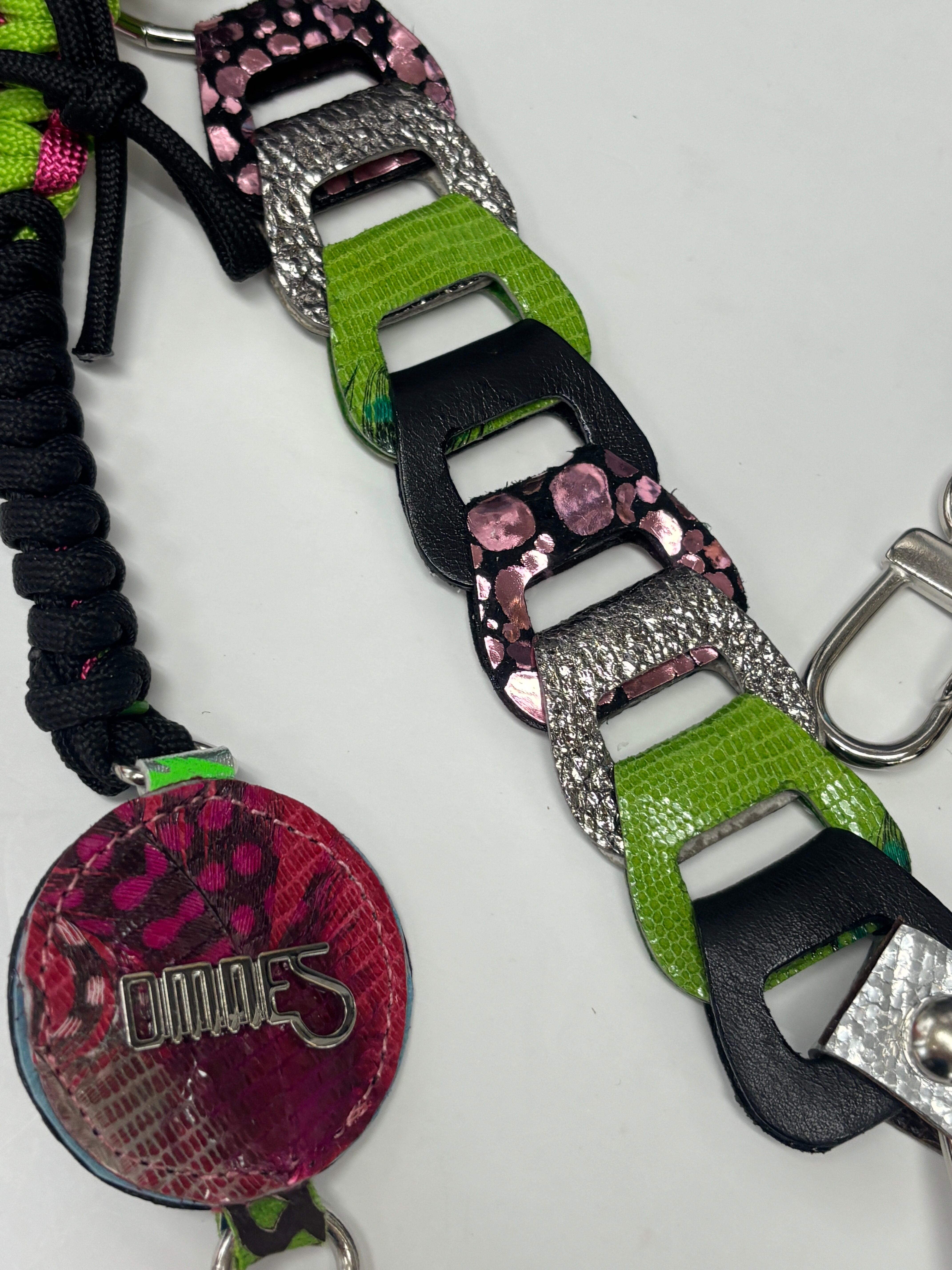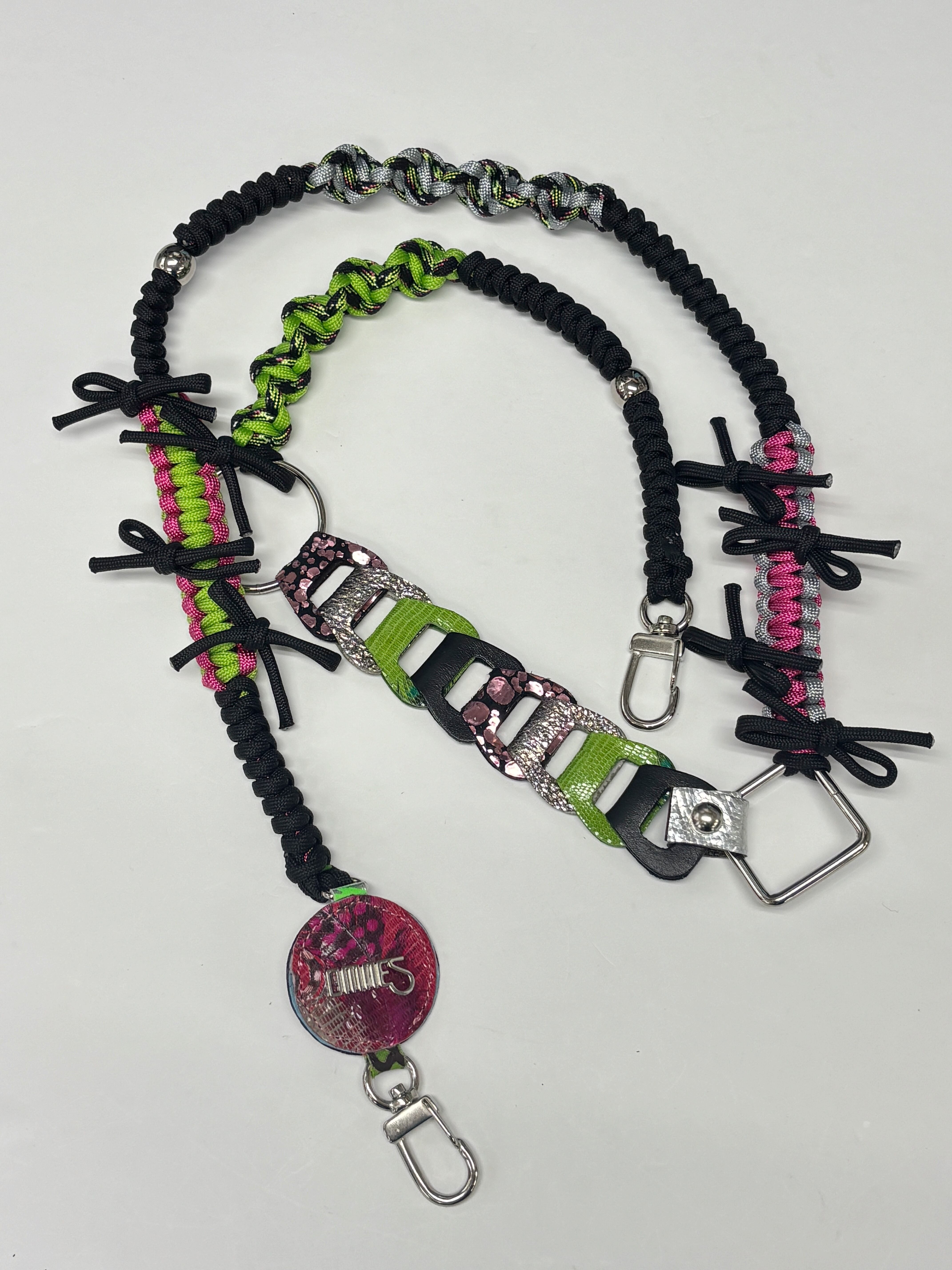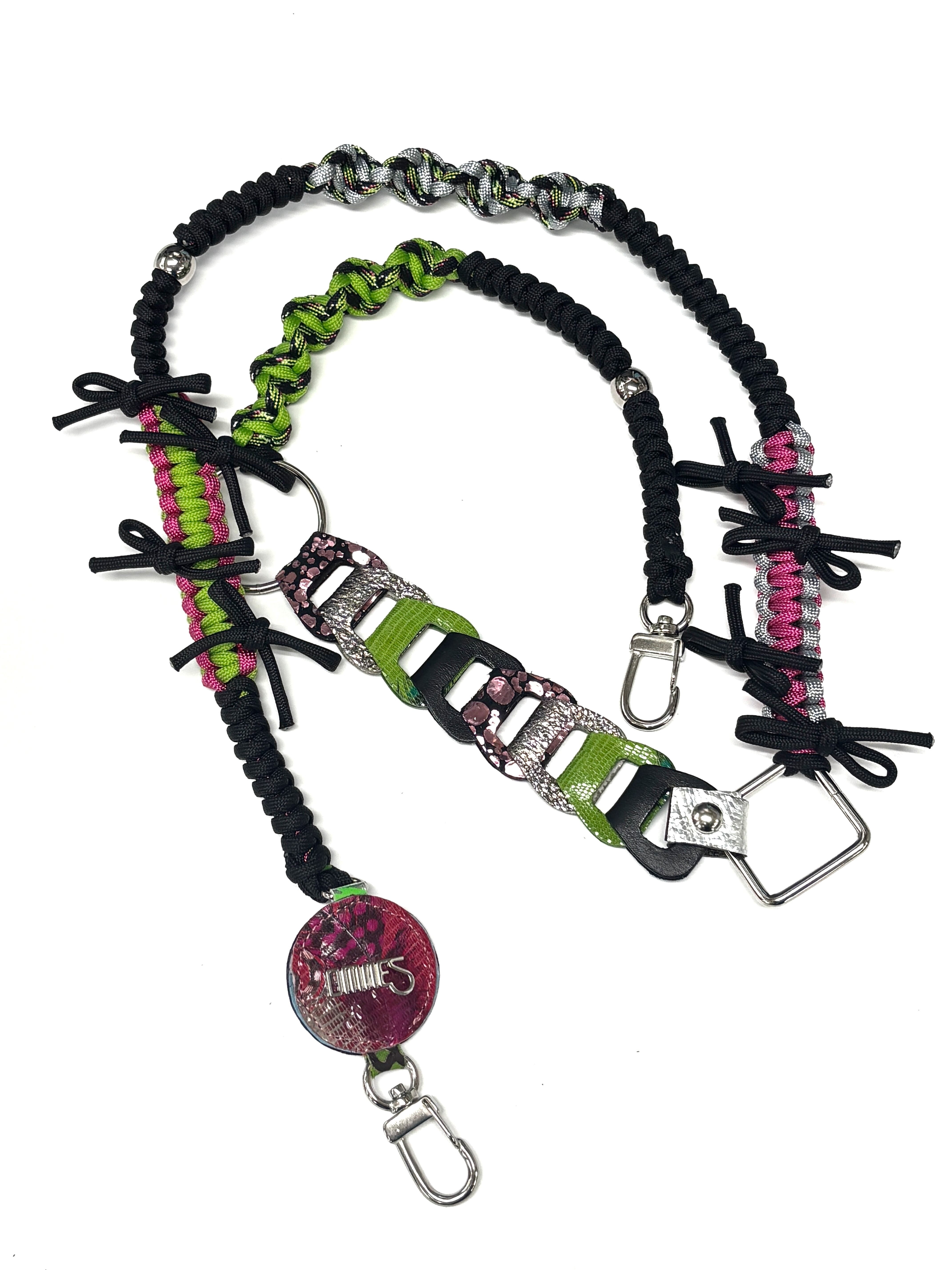 編み上げたパラコードとバッグを作る際のカラフルなレザーの切れ端を使って一点一点ハンドメイドで作られたスペシャルなストラップです。
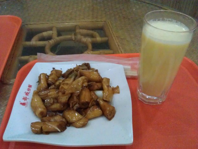 一日之计在于晨,一个醒神早餐可以提供一天充足的营养和动力,一定不可以忽视。因为去晚了,已经没有多少选择,不得不选了玉米汁+炒猪肠粉的配搭。玉米汁味道很不错,有很多玉米颗粒在里面,感觉很实在,应该不是冲出来的。炒猪肠粉就不是我最爱了,炒的比较多油,一般早上还是清淡些为好,何况猪肠粉只是外面一圈上了色,里面还是白白的,没有味道,又习惯的加了甜酱。于是一个本来应该很健康的早餐,变成多油多酱的高卡路里饮食了,罪过罪过。查看更多
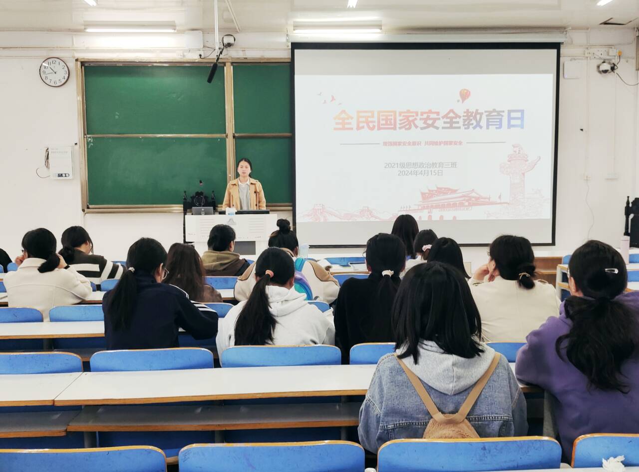4月15日上午,2026年世界杯官网2021级思想政治教育三班在社科楼514召开“全民国家安全教育日”主题班会。2026年世界杯官网2021级思想政治教育三班全体成员参与本次会议。班会由副班长易从漫主持。
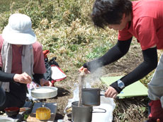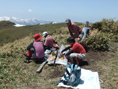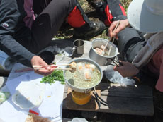 | 山頂での食事が始まる。 |
____________________
Exercise directions
Every line of the material above must be written out exactly, with no pictures.

Your solution
 編み上げたパラコードとバッグを作る際のカラフルなレザーの切れ端を使って一点一点ハンドメイドで作られたスペシャルなストラップです。
 一日之计在于晨,一个醒神早餐可以提供一天充足的营养和动力,一定不可以忽视。因为去晚了,已经没有多少选择,不得不选了玉米汁+炒猪肠粉的配搭。玉米汁味道很不错,有很多玉米颗粒在里面,感觉很实在,应该不是冲出来的。炒猪肠粉就不是我最爱了,炒的比较多油,一般早上还是清淡些为好,何况猪肠粉只是外面一圈上了色,里面还是白白的,没有味道,又习惯的加了甜酱。于是一个本来应该很健康的早餐,变成多油多酱的高卡路里饮食了,罪过罪过。查看更多
4月15日上午,2026年世界杯官网2021级思想政治教育三班在社科楼514召开“全民国家安全教育日”主题班会。2026年世界杯官网2021级思想政治教育三班全体成员参与本次会议。班会由副班长易从漫主持。
 | 山頂での食事が始まる。 |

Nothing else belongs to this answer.